Portrait of a Circle executive in a sleek office with a screen showing revenue up and costs rising.

Circle Internet Group reported total revenue and reserve income of $694 million for the first quarter, up 20% year over year, as USDC activity continued to expand across on-chain markets. The company reported the results showing stronger stablecoin usage but weaker near-term profitability.

The revenue figure missed analyst expectations of about $717 million, creating a gap between Circle’s adoption momentum and market expectations. Net income from continuing operations fell 15% year over year to $55 million, while EPS declined to $0.21 from $0.247 a year earlier.

Reserve Income Drives the Top Line

Circle’s reserve income rose 50% year over year to $634 million, making USDC reserves the dominant source of quarterly revenue. Other revenue also increased sharply, climbing 242% to $60 million from the prior-year period.

The pressure came from costs. Total operating expenses jumped 76% to $242 million, with Circle attributing the increase to product development, distribution and post-IPO stock-based compensation.

That spending compressed profitability despite stronger usage metrics. Circle reaffirmed its 2026 guidance, signaling that management is prioritizing growth investment over short-term margin expansion as it builds out its stablecoin and infrastructure strategy.

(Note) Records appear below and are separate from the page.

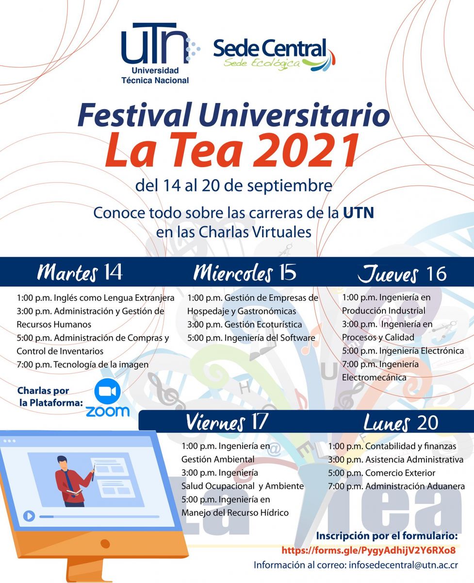 Del 14 al 20 de setiembre, la Sede Central informará de sus Carreras mediante el Festival Universitario La Tea que, en esta ocasión, se programó en forma virtual, con el fin de constituirse en un espacio académico y cultural dirigido a estudiantes que cursan el XI y XII año de Educación Secundaria para que conozcan las ofertas académicas y el procedimiento de admisión para el 2022, el cual finaliza el 29 de setiembre.
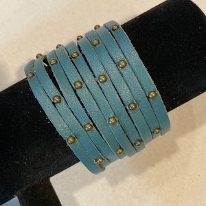 Adjustable Turquoise Leather Cuff has Snaps to Adjust to approx. 6 3/4” and 7 3/4.” Approx. 1 1/2” wide. Bundle 3 cuffs for $25. NWOT
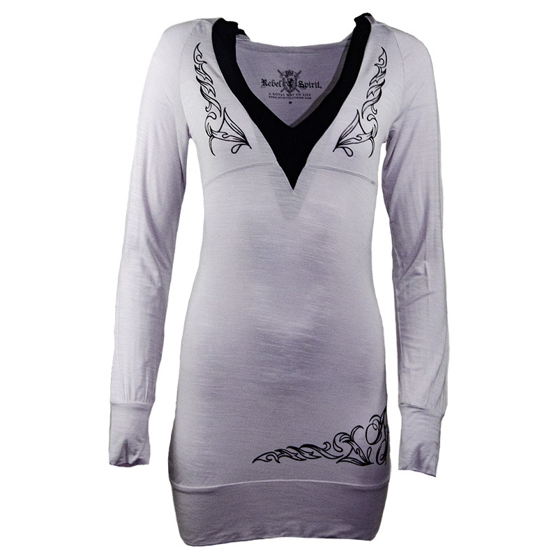 Укороченное платье GDS120657 Rebel Spirit с капюшоном. Длинный рукав. Элегантный принт в форме королевской лилии. Купить стильное короткое летнее платье в магазине The Starfall.
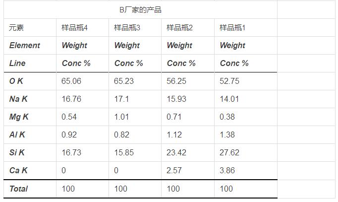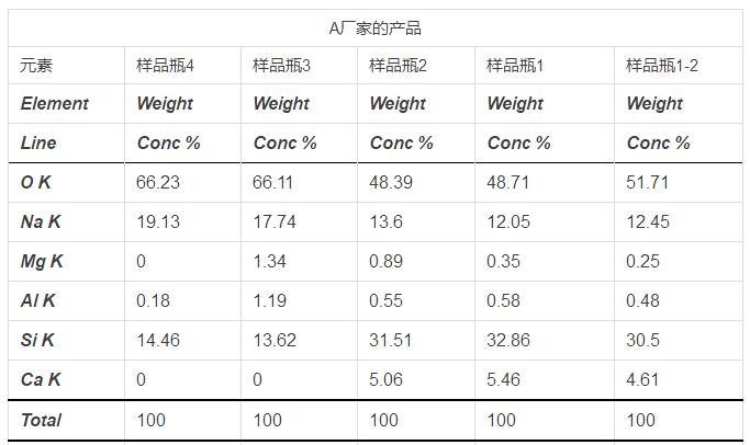 結構的分析是需要依靠昂貴的設備才能觀察到。加之不是生產高端光學、電子玻璃,所以難以顯現其特殊的作用。當產品抗沖擊、耐內壓性能有較大的波動時可以委外分析對比分析一下。下面是委托蘭州大學同學EDS設備測試數據,數據表明瓶子與瓶子之間、廠與廠之間玻璃表面的成分存在著較大的差異,當明顯的差異又和其他因素偶合時就可能會表現出顯著的品質差異。

USDC Activity Surges On-Chain

USDC in circulation reached $77.0 billion, up 28% year over year, while on-chain transaction volume surged 263% to $21.5 trillion. Those figures show transactional adoption accelerating faster than reported earnings growth.

CEO Jeremy Allaire said USDC accounts for approximately 80% of dollar digital-currency transactions. He also pointed to the company’s ambition to connect AI platforms with economic operating systems, alongside its work on the ARC blockchain for institutional finance.

Market reaction was mixed because the quarter told two stories at once. The profit squeeze weighed on near-term sentiment, but the scale of USDC circulation and transaction volume supported the longer-term adoption case.

Circle also cited potential legislative developments such as the Clarity Act as part of the broader backdrop for stablecoin demand. Regulatory clarity could matter because stablecoin issuers increasingly depend on transparent reserve, custody and payment rules to support institutional growth.

The quarter separates adoption from earnings quality. USDC growth supports liquidity and hedging demand, but higher operating expenses raise the risk of continued profit volatility in coming quarters.

The practical takeaway is that Circle’s earnings compression reflects deliberate investment rather than a collapse in usage. Market participants should watch whether reserve income, ARC development and USDC transaction growth can translate into durable operating leverage through 2026.